Мне есть за что бороться, есть к чему стремиться. У меня в жизни куча несделанных дел, и я хочу верить, что в моей жизни будет время, чтобы увидеть свою дочь. Я говорил, что победа достижима, но пока не добился ее. Как оценят люди мои усилия, согласятся ли с их правильностью? Я понимаю, будет труднее. Понимаю, что чудо, повторенное дважды, уже больше, чем чудо. Я понимаю, что сумма в 250 тысяч долларов, в которую оценили трансплантацию врачи, огромна, а от прошлого сбора денег останется немного. Но мне сейчас интереснее попробовать проверить и себя, и мир – найти еще больше друзей, которые смогут помочь победить болезнь. Мне это нужно не для того, чтобы выжить, но для того, чтобы жить.


28 мая 2013 года

Жизнь как чудо

Друзья, вы не перестаете меня поражать! За три дня сбора удалось собрать около 60 процентов необходимой суммы. Честно сказать, не знаю, видел ли русский интернет такую активность. Вы делаете удивительное дело. Спасибо вам огромное за счастье жить, счастье быть нужным. Главное теперь – собрать полную сумму. Суть в том, что клиника, принимая пациента, начинает нести за него ответственность. Это в общем-то хорошо. Но это и плохо: не получив полной суммы, в которую обойдется трансплантация, клиника не решается начинать необходимые процедуры, чтобы впоследствии не долечивать пациента за свой счет. Это можно понять. Переписку мы начали по всем вопросам подготовки, нашли доноров. Целых 97 человек в мировом банке подходят по всем параметрам – очень большая удача. Мне повезло. И не однажды, потому что вы решили помочь мне.

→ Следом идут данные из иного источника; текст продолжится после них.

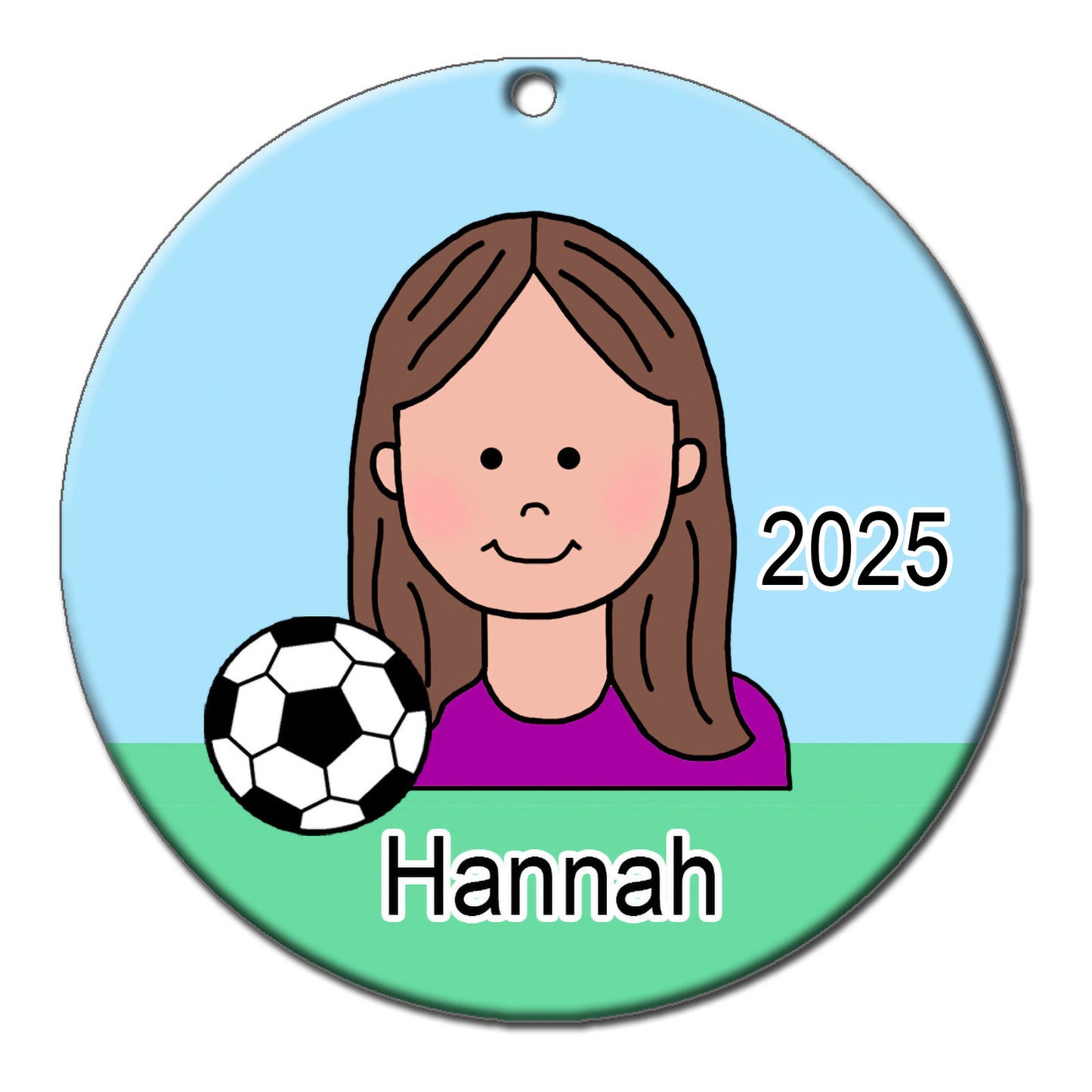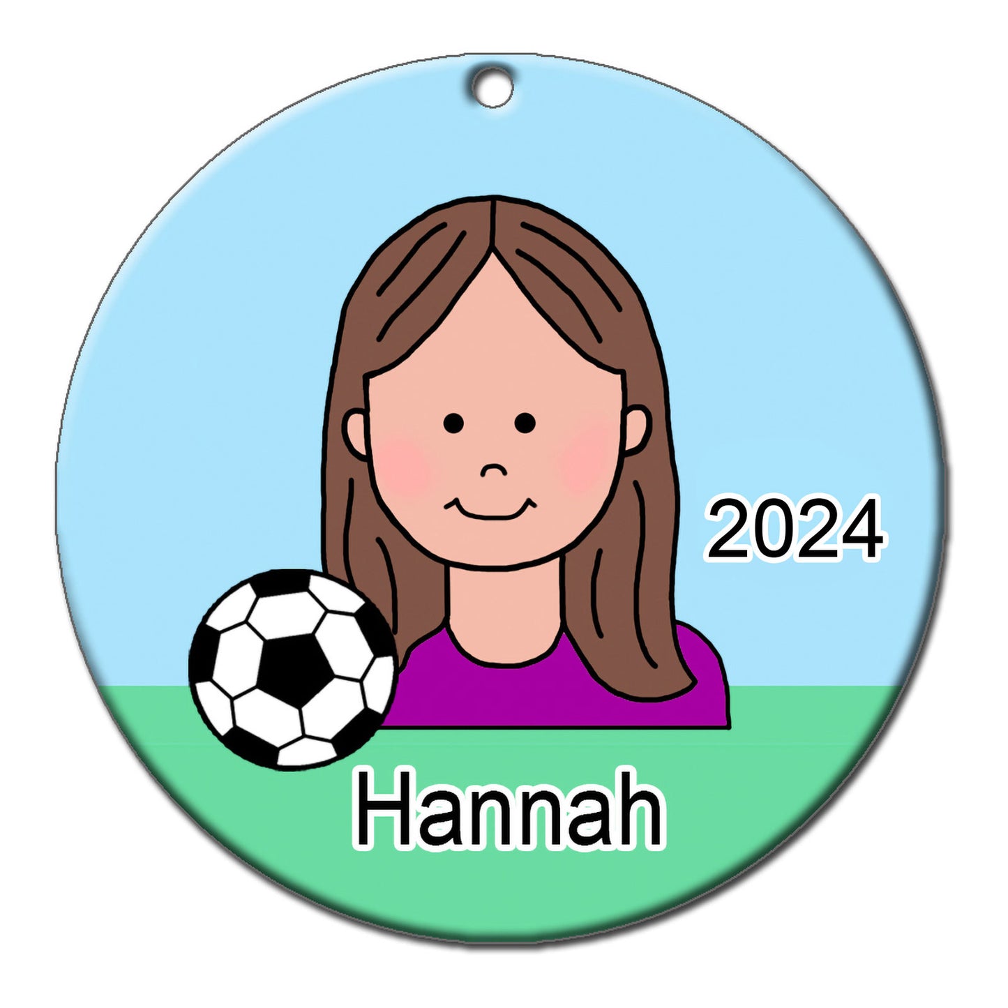 Kids who love soccer will love this personalized soccer Christmas ornament. Choose any of our cartoon girls with different skin and hair colors and personalize it with your child's name and year. 2.75" flat ceramic ornament comes with gold cord for hanging.Share

Многие помогают разными способами. Максим Кац написал хороший пост, активно включился в организацию сбора. Владимир Паперный, будучи в Нью-Йорке, записал на телефон коротенькое интервью со мной, смонтировал его и оформил как следует. Огромное спасибо тысячам людей, кто тиражировал и давал ссылки. Все это очень важно. Новые люди узнают о моей истории, оценивают и принимают решение. Это сбор небольших сумм от очень многих людей. Наконец, тут важна атмосфера поддержки и участия. Спасибо вам за нее. Спасибо огромное всем, кто принял участие в сборе! Спасибо всем, кто потратил время и прочитал о моей истории. Вместе мы – просто невероятная сила, побеждающая болезни и смерть.

Будем жить!

А сегодня, друзья, рад сообщить, что наш сбор успешно завершен! Когда большая часть его была завершена, со мной связалась журналистка Вожена Рынска и сообщила, что один состоятельный человек выразил желание помочь и добавить недостающую сумму. Видите – чудеса случаются.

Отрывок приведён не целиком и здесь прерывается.